Pendant la Seconde Guerre mondiale, nombreuses sont les femmes ayant porté de lourdes croix pour expier les vices et les crimes de la terreur nazie. La plus connue des femmes allemandes est sans aucun doute Edith Stein, Sainte Thérèse Bénédicte de la Croix. Entrée au Carmel en 1933 elle choisit de vivre à sa manière la pensée paulinienne selon laquelle il existe une vocation à souffrir avec le Christ et à coopérer avec lui à son œuvre de salut. Elle écrit : « Toute souffrance que nous portons en union avec le Seigneur est sa souffrance, féconde pour le salut » (Lettre 26.12.1932). Deux laïques catholiques ayant survécu à la guerre ont fait de même : l’assistante sociale Marianne Hapig (18941973) et l’écrivaine Nanda Herbermann (1903-1979).

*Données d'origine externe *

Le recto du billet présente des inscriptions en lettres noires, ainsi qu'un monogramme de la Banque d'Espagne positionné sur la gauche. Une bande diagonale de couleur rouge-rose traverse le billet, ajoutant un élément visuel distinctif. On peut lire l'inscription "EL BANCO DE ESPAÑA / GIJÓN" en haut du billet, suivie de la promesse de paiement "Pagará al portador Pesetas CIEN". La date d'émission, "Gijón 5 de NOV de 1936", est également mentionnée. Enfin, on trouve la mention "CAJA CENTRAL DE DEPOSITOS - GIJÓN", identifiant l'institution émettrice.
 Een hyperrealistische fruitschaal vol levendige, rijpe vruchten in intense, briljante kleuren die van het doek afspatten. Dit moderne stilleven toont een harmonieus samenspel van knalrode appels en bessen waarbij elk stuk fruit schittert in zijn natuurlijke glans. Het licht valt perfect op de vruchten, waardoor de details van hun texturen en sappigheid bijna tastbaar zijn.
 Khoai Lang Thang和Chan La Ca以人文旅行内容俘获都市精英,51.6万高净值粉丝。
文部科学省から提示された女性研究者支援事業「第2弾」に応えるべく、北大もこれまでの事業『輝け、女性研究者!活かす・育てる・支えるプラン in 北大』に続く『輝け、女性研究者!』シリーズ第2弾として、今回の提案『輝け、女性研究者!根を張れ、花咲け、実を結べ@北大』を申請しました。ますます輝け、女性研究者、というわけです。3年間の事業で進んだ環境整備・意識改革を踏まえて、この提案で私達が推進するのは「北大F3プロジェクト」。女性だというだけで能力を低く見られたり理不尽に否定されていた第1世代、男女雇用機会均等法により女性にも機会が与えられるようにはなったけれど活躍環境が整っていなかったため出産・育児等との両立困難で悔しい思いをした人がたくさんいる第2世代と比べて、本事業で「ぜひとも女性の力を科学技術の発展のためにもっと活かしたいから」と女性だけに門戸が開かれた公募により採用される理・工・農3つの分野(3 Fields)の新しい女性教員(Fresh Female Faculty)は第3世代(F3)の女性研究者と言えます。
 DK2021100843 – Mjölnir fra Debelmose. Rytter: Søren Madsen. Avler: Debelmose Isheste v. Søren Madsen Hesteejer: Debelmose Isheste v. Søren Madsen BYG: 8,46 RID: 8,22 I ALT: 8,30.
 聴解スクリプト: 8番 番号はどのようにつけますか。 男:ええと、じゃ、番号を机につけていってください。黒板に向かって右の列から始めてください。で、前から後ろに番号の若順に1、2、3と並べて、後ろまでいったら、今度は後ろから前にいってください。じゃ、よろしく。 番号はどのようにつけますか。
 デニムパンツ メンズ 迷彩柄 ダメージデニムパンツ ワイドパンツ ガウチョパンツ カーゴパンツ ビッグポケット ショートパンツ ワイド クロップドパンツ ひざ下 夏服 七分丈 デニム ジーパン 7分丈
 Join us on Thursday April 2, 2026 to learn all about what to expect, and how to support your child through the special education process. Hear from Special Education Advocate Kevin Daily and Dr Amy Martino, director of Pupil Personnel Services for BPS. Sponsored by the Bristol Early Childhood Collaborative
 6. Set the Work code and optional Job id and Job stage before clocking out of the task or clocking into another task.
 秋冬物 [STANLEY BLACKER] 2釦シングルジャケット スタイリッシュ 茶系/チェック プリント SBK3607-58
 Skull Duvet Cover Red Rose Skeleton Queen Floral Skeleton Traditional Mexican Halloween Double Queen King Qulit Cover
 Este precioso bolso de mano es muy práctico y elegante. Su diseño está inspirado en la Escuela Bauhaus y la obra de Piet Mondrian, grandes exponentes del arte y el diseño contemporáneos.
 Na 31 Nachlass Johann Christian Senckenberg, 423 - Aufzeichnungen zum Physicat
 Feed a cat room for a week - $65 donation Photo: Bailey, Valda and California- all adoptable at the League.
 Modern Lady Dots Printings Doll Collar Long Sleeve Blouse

Durant les dernières années de guerre, alors que Berlin dévasté souffrait, Marianne Hapig organise secrètement un réseau d’entre-aide pour les personnes emprisonnées par la Gestapo et les familles des conspirateurs ayant prévu d’assassiner Hitler (ils ont été exécutés par la suite). Elle offre sa vie à Dieu en expiation des « crimes terribles » commis par les humains contre d’autres humains, et aussi pour les jeunes hommes sans pitié ni compassion. Elle sert d’intermédiaire, transporte des nouvelles, de la nourriture, du papier et des hosties aux prêtres incarcérés. Elle coût de petits sacs pour cacher l’Eucharistie, que les prêtres pouvaient porter sur leur poitrine dans la souffrance des interrogatoires et les jugements. L’un de ces prêtres est Alfred Delp, un jésuite membre de la résistance catholique au nazisme, régulièrement torturé. Marianne a nettoyé ses vêtements maculés de sang et a fait passer clandestinement ses réflexions spirituelles aujourd’hui publiées dans le monde entier. Alfred Delp a été exécuté le 2 février 1945 à l’âge de 38 ans.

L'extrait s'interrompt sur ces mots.